[Data excerpts]
+++++
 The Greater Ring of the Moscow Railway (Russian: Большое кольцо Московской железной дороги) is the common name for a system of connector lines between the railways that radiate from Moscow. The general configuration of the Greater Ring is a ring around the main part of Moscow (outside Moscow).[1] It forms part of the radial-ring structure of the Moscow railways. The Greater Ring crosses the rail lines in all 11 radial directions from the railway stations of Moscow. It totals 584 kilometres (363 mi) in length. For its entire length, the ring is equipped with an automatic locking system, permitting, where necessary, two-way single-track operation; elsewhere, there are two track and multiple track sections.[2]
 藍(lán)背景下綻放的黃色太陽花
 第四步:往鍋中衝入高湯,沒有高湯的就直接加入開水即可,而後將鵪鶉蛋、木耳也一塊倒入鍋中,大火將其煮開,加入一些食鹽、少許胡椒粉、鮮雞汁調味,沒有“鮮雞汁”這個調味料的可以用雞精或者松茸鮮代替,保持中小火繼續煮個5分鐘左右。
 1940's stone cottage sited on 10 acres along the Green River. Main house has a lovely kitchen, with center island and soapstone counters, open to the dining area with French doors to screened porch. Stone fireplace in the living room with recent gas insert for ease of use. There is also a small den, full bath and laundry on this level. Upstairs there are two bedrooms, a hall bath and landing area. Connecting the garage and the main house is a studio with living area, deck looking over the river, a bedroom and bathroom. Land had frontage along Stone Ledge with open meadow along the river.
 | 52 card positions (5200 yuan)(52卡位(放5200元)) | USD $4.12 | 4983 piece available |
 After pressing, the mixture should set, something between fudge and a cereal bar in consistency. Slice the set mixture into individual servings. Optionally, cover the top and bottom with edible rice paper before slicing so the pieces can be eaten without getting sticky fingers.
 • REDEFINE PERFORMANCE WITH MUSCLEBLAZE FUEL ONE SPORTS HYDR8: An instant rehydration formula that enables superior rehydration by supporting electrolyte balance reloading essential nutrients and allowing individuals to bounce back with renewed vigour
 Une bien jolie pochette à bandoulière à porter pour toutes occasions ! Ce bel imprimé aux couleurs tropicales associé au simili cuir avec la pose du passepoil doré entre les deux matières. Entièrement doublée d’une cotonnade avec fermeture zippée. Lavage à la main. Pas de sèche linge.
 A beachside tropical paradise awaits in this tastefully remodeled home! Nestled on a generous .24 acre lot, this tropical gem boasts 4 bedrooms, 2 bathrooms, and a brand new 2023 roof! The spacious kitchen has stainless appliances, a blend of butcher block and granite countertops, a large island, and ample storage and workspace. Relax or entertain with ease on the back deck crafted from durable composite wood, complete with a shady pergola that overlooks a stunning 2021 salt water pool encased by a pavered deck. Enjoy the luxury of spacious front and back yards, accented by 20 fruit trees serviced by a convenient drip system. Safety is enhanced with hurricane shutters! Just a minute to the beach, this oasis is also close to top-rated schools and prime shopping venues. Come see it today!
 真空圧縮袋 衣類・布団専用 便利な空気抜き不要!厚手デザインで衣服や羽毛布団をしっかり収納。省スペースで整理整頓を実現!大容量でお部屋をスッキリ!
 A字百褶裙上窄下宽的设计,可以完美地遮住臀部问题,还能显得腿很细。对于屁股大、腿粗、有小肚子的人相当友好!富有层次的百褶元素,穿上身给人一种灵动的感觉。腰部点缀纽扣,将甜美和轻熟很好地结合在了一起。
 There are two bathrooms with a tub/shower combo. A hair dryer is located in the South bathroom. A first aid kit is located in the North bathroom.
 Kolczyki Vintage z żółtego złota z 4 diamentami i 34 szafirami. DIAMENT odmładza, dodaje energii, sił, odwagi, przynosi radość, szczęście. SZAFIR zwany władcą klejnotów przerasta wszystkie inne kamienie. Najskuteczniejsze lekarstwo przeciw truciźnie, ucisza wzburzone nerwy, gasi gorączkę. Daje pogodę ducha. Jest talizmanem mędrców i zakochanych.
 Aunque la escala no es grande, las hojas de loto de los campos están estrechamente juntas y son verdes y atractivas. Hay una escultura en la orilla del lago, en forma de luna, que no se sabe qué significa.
+++++
* **How to complete this task**: Give back, word for word, only the lines above from the line holding "1940's stone cottage" to the line holding "After pressing, the", both included.

* **Solution to this problem**:
 1940's stone cottage sited on 10 acres along the Green River. Main house has a lovely kitchen, with center island and soapstone counters, open to the dining area with French doors to screened porch. Stone fireplace in the living room with recent gas insert for ease of use. There is also a small den, full bath and laundry on this level. Upstairs there are two bedrooms, a hall bath and landing area. Connecting the garage and the main house is a studio with living area, deck looking over the river, a bedroom and bathroom. Land had frontage along Stone Ledge with open meadow along the river.
 | 52 card positions (5200 yuan)(52卡位(放5200元)) | USD $4.12 | 4983 piece available |
 After pressing, the mixture should set, something between fudge and a cereal bar in consistency. Slice the set mixture into individual servings. Optionally, cover the top and bottom with edible rice paper before slicing so the pieces can be eaten without getting sticky fingers.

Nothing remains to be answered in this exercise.